The light turned green. The BMW drove away. As it did, the guy turned in his seat and looked back at the Range Rover, but the sun was reflecting off the rear window and I couldn’t make out any of his features. My anxiety restrained me from following them. I didn’t even want to know where they were going. Plus what would the kids tell Jayne? Mommy, Daddy followed somebody and when he called her she didn’t pick up. A car blaring its horn was my reminder to start moving again. I made another U-turn and drove toward the mall, where I circled the miles of asphalt that surrounded it until Robby leaned over and said, pointing, “There’s a space right there, Bret. Just park the car.” I did.

We went straight to the multiplex.
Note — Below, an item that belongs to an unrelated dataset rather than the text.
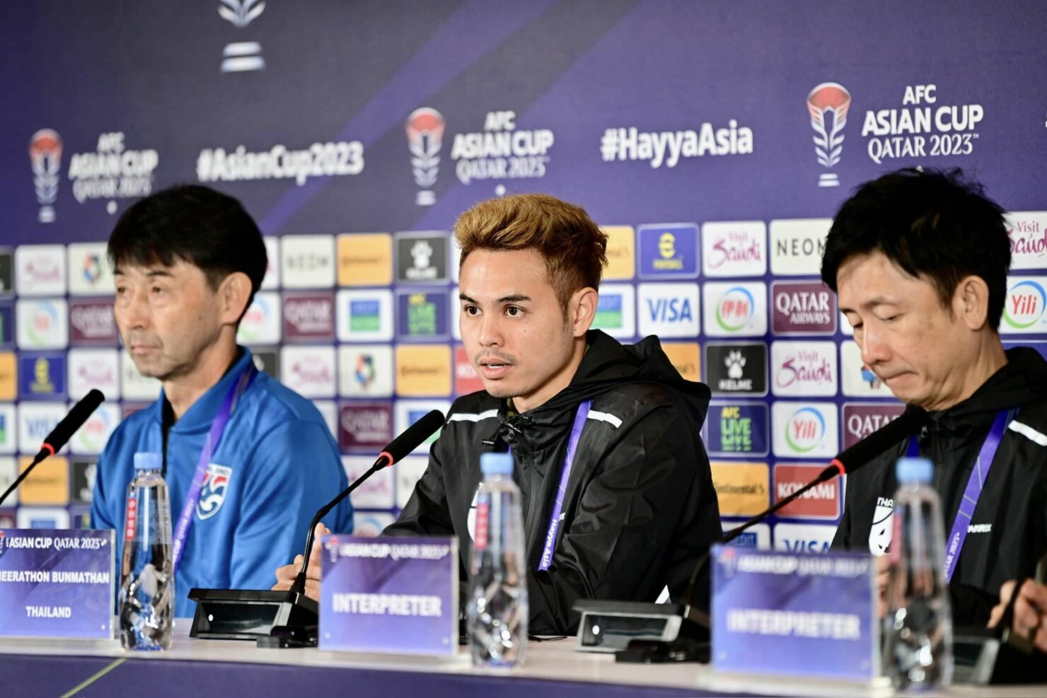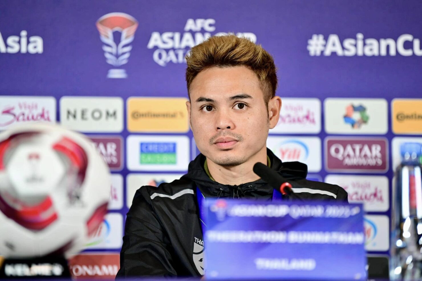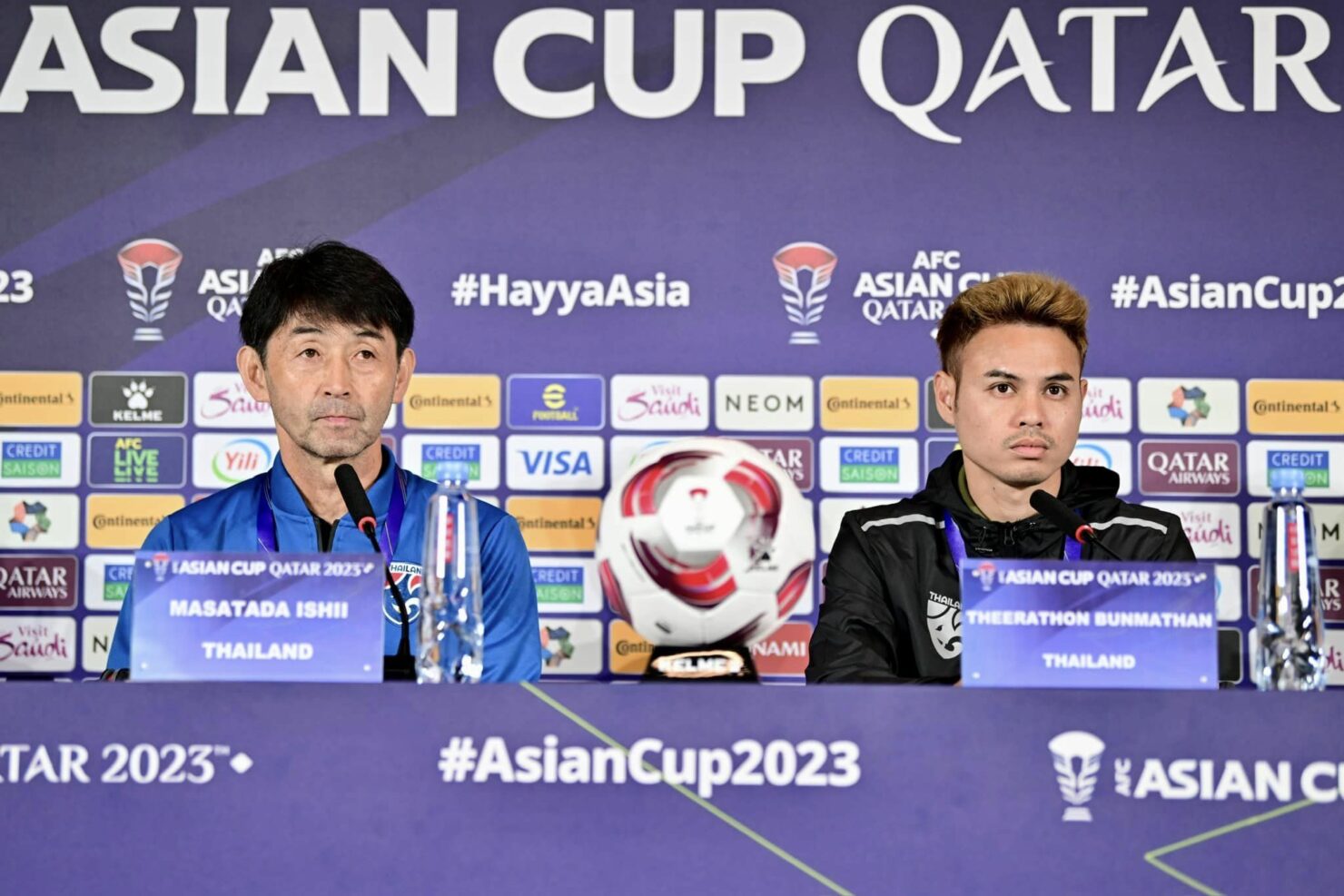“อิชิอิ-ธีราทร” เป็นตัวแทน ทีมชาติไทย แถลงข่าว ก่อนเกมเอเชียน คัพ นัดแรก กับคีร์กิซสถาน

I was too distracted by the guy in the passenger seat to proceed with this day leisurely. Could it have been Alvin Mendolsohn, her thesis instructor? No, this guy was younger, her age, a student maybe. I flashed on the profile and the blurred face but came up with nothing. I purchased the tickets for Some Call Him Rebel and was so out of it that when the kids asked for candy and popcorn and Cokes I numbly bought them whatever they wanted even though Jayne had warned me not to. I let them choose their seats in the cavernous auditorium, which was oddly empty for a Saturday matinee and I feared that I’d chosen an unpopular movie but Robby—who was a movie nut—didn’t complain. Again, I thought of all the bartering Jayne had gone through to get him here and realized that he probably would have sat through Shoah. Sarah sat between Robby and me and was drinking her soda too quickly and when I warned her not to Robby rolled his eyes and sighed while opening a box of Junior Mints and soon both of them were concentrating on the action storming across the screen. About twenty minutes into the movie when I could stand it no longer I leaned over and told Robby to watch his sister while I went to make a phone call, and I hesitated because I remembered the name of the most recent missing boy: Maer Cohen. Robby nodded intently without looking at me and I realized that no one was going to take him anywhere (unless he let them, came an unbidden thought). I paced the lobby of the multiplex while dialing Aimee’s number again and this time I left a message: “Hey, Aimee, it’s Bret. Um, I saw you about forty minutes ago coming out of Whole Foods and it looked like you were, um, having fun . . .” I laughed weakly. “Well, that’s it. Call me on my cell.” I clicked off. When I went back to the auditorium the screen was a blur. It was hopeless. I couldn’t concentrate on anything except the fact that I kept thinking I had been in that car with Aimee Light. I thought the guy in the passenger seat was myself. When I focused: fleets of black hovercraft anchored in space.